Panic surges through me again. One stranger I could maybe get away from, but three is pushing it. I need to move now, before they get any closer. I use my hands to pull myself backwards, further onto the curb.
“Wait!” He hisses. He slings an arm around my waist before I’m even fully upright, but I jerk away and land painfully back on the ground. I allow myself a second to tamp down the pain, then finally reach for my gun, but he’s quicker than me. He grabs my wrists tightly.
“You’re bleeding,” he growls. I strain against his grip, but it only tightens further. The other two strangers reach us. I twist my wrists, getting one free, but his grip is like iron and he quickly recaptures my hand.
“Whoa,” the girl says, hands up in front of her in a placating gesture. “We’re not going to hurt you.” She takes a step closer. My muscles tense even more tightly. I can feel his fingers digging into my wrists. “Drew,” the girl snaps, addressing the one restraining me, “Let go.”
“If I let go, she’ll run,” he replies sternly. The girl glares at him for a moment, then glances nervously around us.
“They’re already moving in,” the other guy says softly. He has the first boy’s rifle in his hands, the broken strap wrapped around one hand and his finger resting on the trigger guard. He looks pretty young too, but he’s no less intimidating, especially from the ground. He makes eye contact with the older one and nods in the same direction the girl is still looking. I can hear the growls and shuffling feet now, the random thumps of bodies colliding with each other and the cars still parked along the street.
The older boy, Drew, slowly lets go of my wrists and stands. “You wanna run,” he says, looking directly in my eyes, “that’s what you’re running into.” He gestures to the oncoming threat.
I look at my uncle lying in the road. “We won’t hurt you,” the girl promises.
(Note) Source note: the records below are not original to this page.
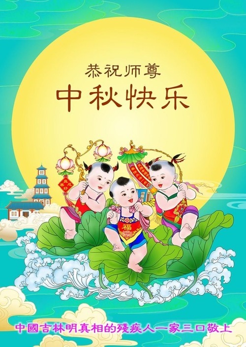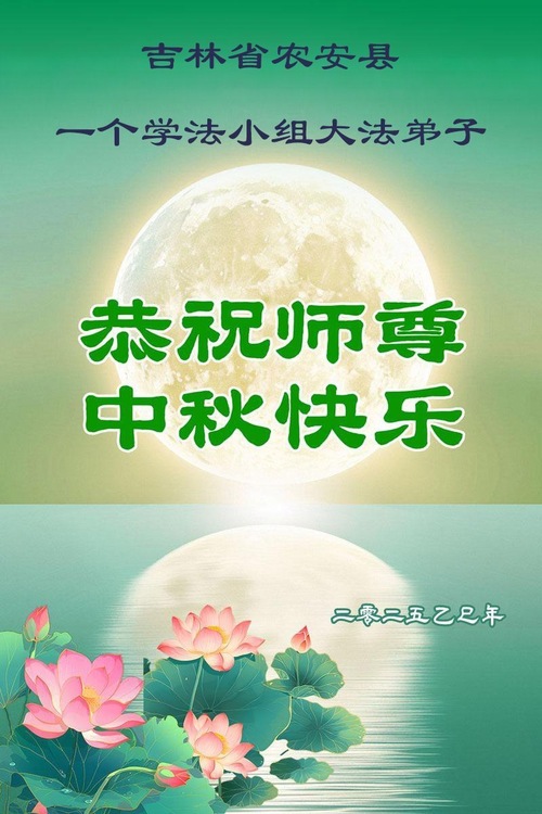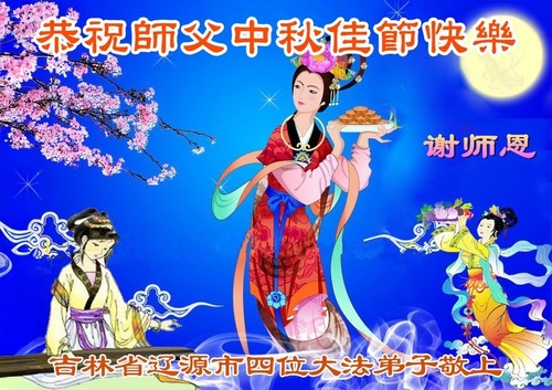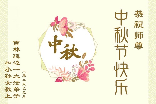 Praktykujący Falun Dafa z miast/miasteczek/regionów Baicheng, Yanji, Songyuan i Liaoyuan w prowincji Jilin życzą Czcigodnemu Mistrzowi Wesołego Święta Środka Jesieni!
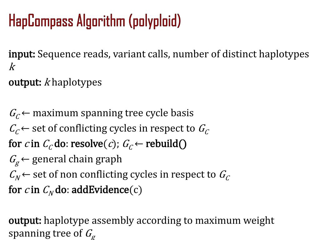 HapCompass Algorithm (polyploid) input: Sequence reads, variant calls, number of distinct haplotypes k output: k haplotypes GC← maximum spanning tree cycle basis CC ← set of conflicting cycles in respect to GC forcinCCdo: resolve(c); GC← rebuild() Gg← general chain graph CN← set of non conflicting cycles in respect to GC forcinCNdo: addEvidence(c) output: haplotype assembly according to maximum weight spanning tree of Gg
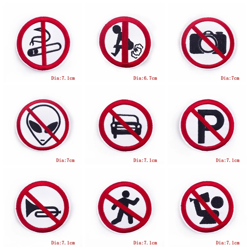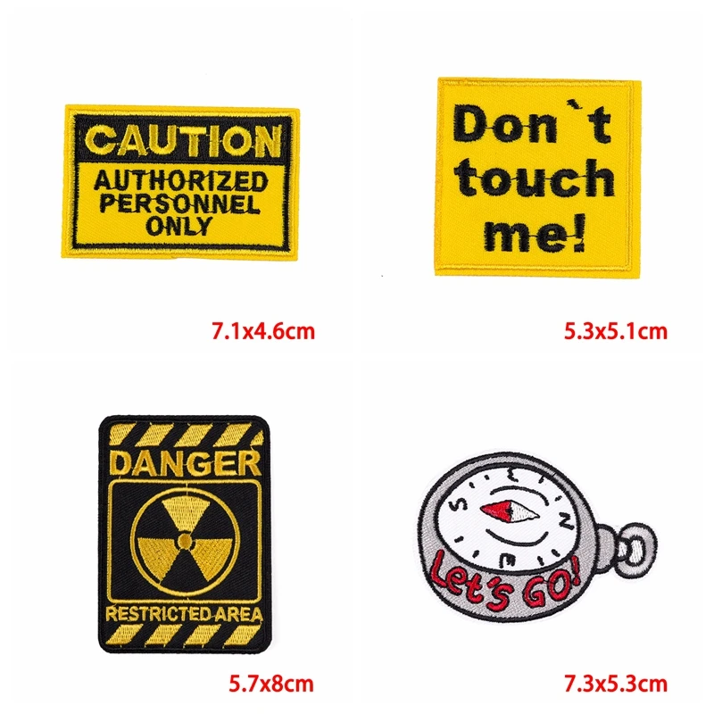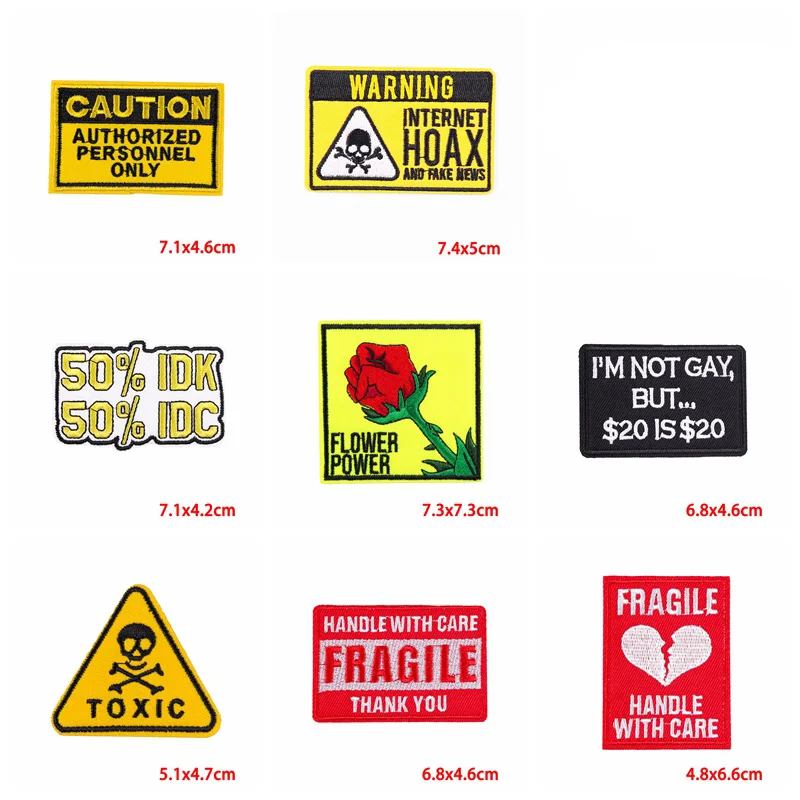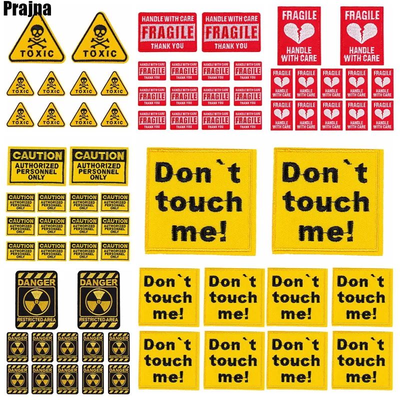Parches bordados de precaución para ropa, eslogan de prohibición, mochila para Jeans, pegatina para coser, bricolaje, 10 unids/lote
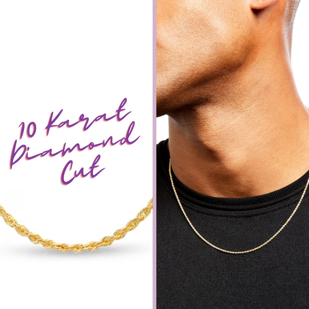 This 1.5mm-wide diamond-cut glitter rope chain necklace fashioned in 10K gold measures 20.0 inches and is the perfect chain for men or women. The unique diamond-cut design catches and reflects light just like diamonds. Worn alone, or layered with other chains, it will stand out from the rest.
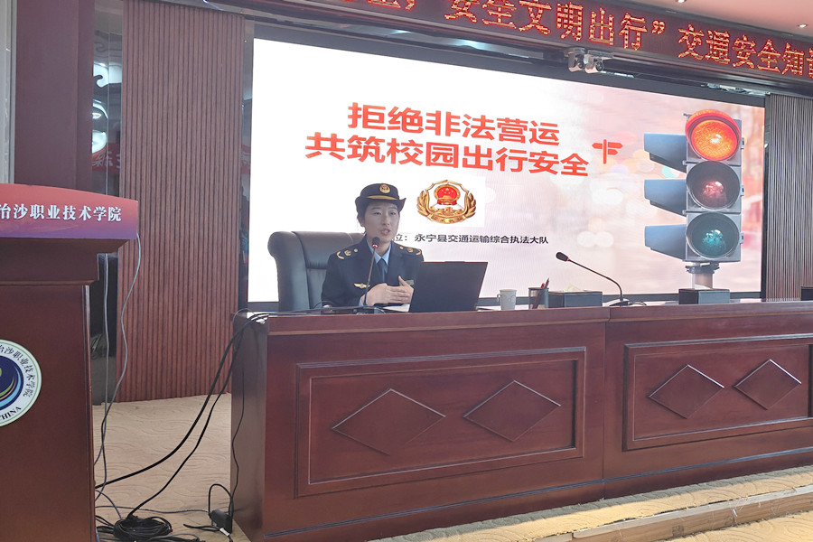 为进一步增强师生交通安全意识,有效预防和减少道路交通事故的发生,共同营造安全、文明、和谐的校园交通环境。11月11日,学院安全保卫处特邀永宁县公安局交通管理大队、交通运输综合执法大队工作人员走进校园,为师生们带来了一场生动且富有教育意义的交通安全知识讲座。
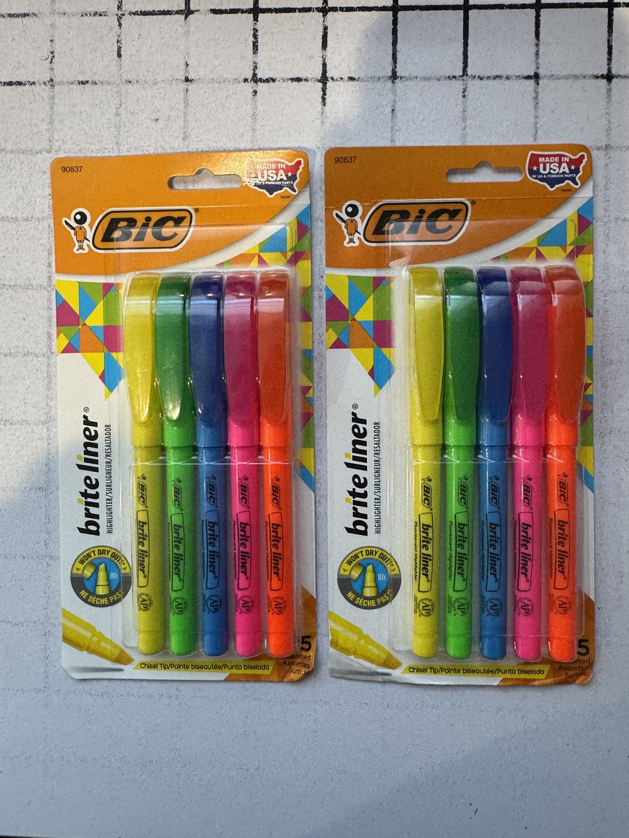 BIC Brite Liner Highlighter, Chisel Tip, Assorted 2 SETS OF 5
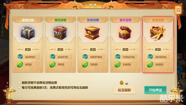 每日可免费刷新2次,免费次数用完后可用仙玉刷新

I see her move closer in my peripheral vision, stepping in front of the younger man. He shifts slightly, pointing his rifle away from her. “We just want to help,” she insists. I feel my cheeks heat, realizing only now how this whole thing would look to an outsider.
“It’s up to you,” Drew says. A sharp growl comes from the street and he shifts his weight. They’ve seen us, or maybe smelled blood. I look down at my leg, feeling the throbbing pain all the way to the bottom of my foot. Could I even make it back inside quick enough? “But we’re out of time,” he continues, backing up a step in the direction they came from.